Zona abandonada próxima a Chernobyl

Qualificado pela Academia Sueca, responsável pela escolha do Nobel, como uma “obra polifônica, memorial do sofrimento e da coragem em nossa época”, Vozes de Tchernóbil é o mais elogiado livro da autora, realizado a partir de uma pesquisa de 10 anos na qual conversou com mais de 500 entrevistados. No extenso rol de fontes de Svetlana, figuram políticos, médicos e físicos, mas são os relatos de quem vivenciou de perto o desastre radioativo que constituem o cerne do trabalho. Entre eles, estão bombeiros, camponeses e liquidadores (civis e militares encarregados da limpeza da área), bem como seus familiares.

Os depoimentos se sucedem uns aos outros, sem que a autora os contextualize ou emita qualquer juízo, como um documentário que abre mão do narrador. O arranjo é muito bem executado, evitando redundâncias e fazendo com que o leitor compreenda a sequência dos fatos ali expostos sem qualquer dificuldade.

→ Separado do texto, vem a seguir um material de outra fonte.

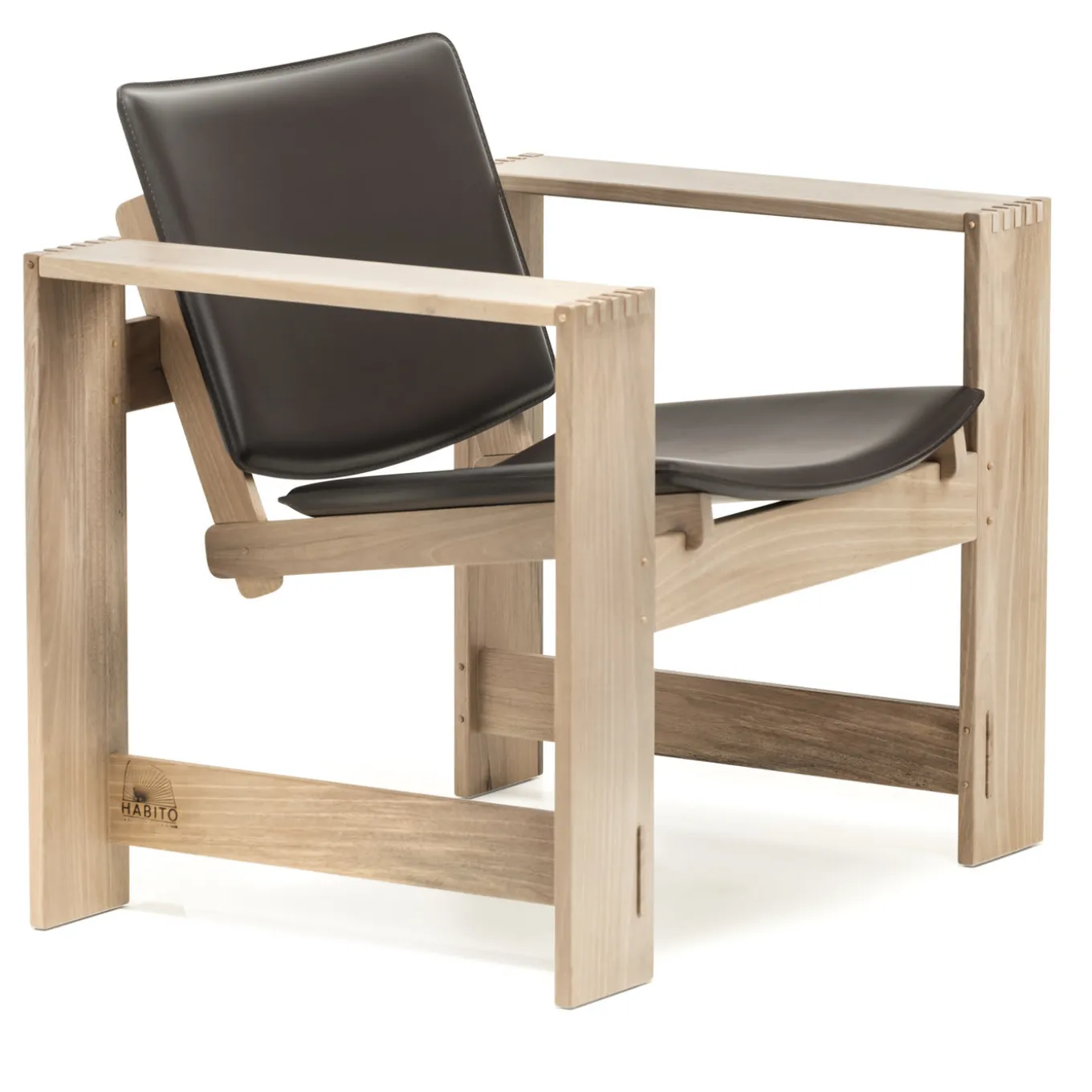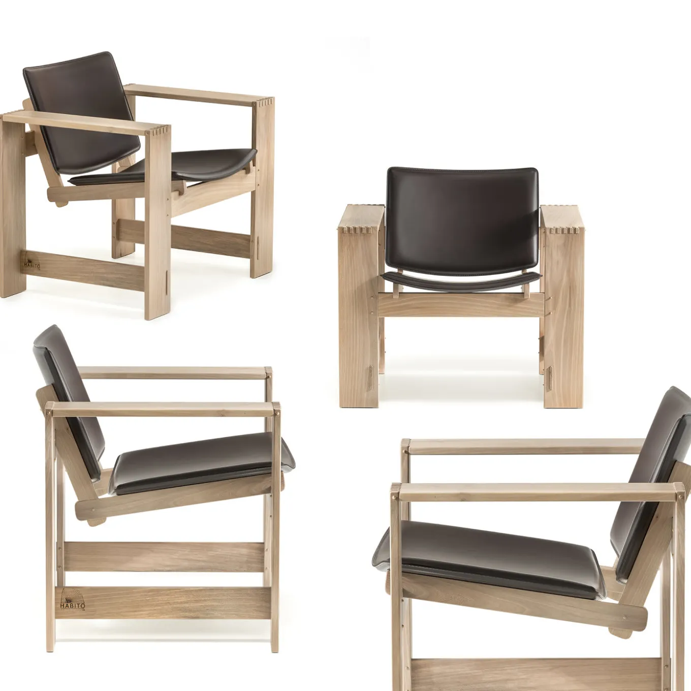 Imbuing a living area with a sophisticated rustic flair, this iconic Lounge chair is an invitation to lounge and relax with a good book and a hot drink. Boasting generous proportions and angular armrests that extend to the front, it is handcrafted of solid walnut with slot-in joints. The seat and backrest are upholstered with precious Nubuk leather.

Pripyat, cidade abandonada por na zona contaminada pela radiação

Crônica da era soviética

O acerto de Svetlana na composição do livro, no entanto, não significa que ofereça uma leitura fácil. Ao contrário, o início da narrativa é uma verdadeira prova de fogo para quem pretende encarar suas 384 páginas. O primeiro relato é da viúva de um dos bombeiros convocados para apagar o fogo do reator – sem saber para onde estava indo e sem usar qualquer roupa especial. Grávida, ela burla a burocracia soviética para ficar próxima do marido nos últimos 14 dias de vida deste. Descrições do corpo que se desfazia aos poucos sobre o leito não são omitidas, expondo o leitor, de modo quase sádico, a vísceras, secreções e muita dor.

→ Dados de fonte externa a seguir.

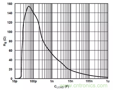 图3:图2中的电路在单位增益、±110V供电电压及VOUT = 100Vp-p时,最大峰值为2dB对应的RS与CLOAD关系曲线图。(图片来源:Analog Devices)
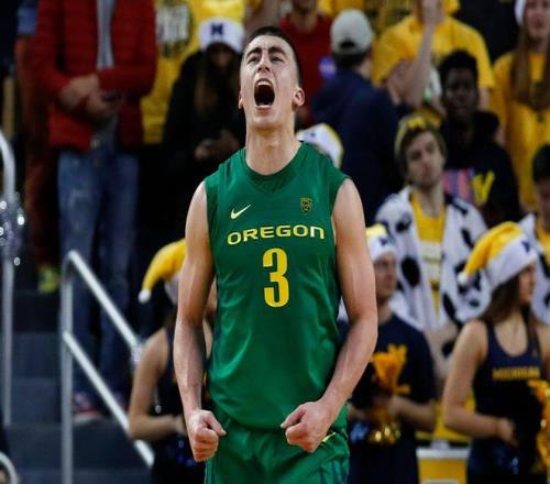 到了大二赛季,他开始全面爆发,被提上了首发的他,数据直接暴增至14.5分、4.8次助攻,三分球命中率更是惊人的41.3%,赛季结束后也是入选了Pac-12的最佳阵容。尽管大三赛季,他的数据略有下滑,但已经成为了球队绝对的领袖,连续第三年帮助俄勒冈大学进入了NCAA的疯狂三月。

Não é menos chocante a descrição do modo como as autoridades trataram o ocorrido, buscando escondê-lo da comunidade internacional e da população. Nem mesmo os próprios soldados convocados a atuar na zona contaminada podiam acessar os exames que mediam diariamente a radiação de seus corpos, mesmo que o dado, mais tarde, pudesse ser importante para ajudar no tratamento de doenças decorrentes deste período de suas vidas.

Clube abandonado em Pripyat, na zona contaminada pela radiação

Com depoimentos profundamente humanos, mas que não deixam de lado o modo esquivo com que o Estado tratou o episódio, Vozes de Tchernóbil constitui um poderoso documento sobre a catástrofe nuclear, mas também uma crônica sobre o regime soviético em queda.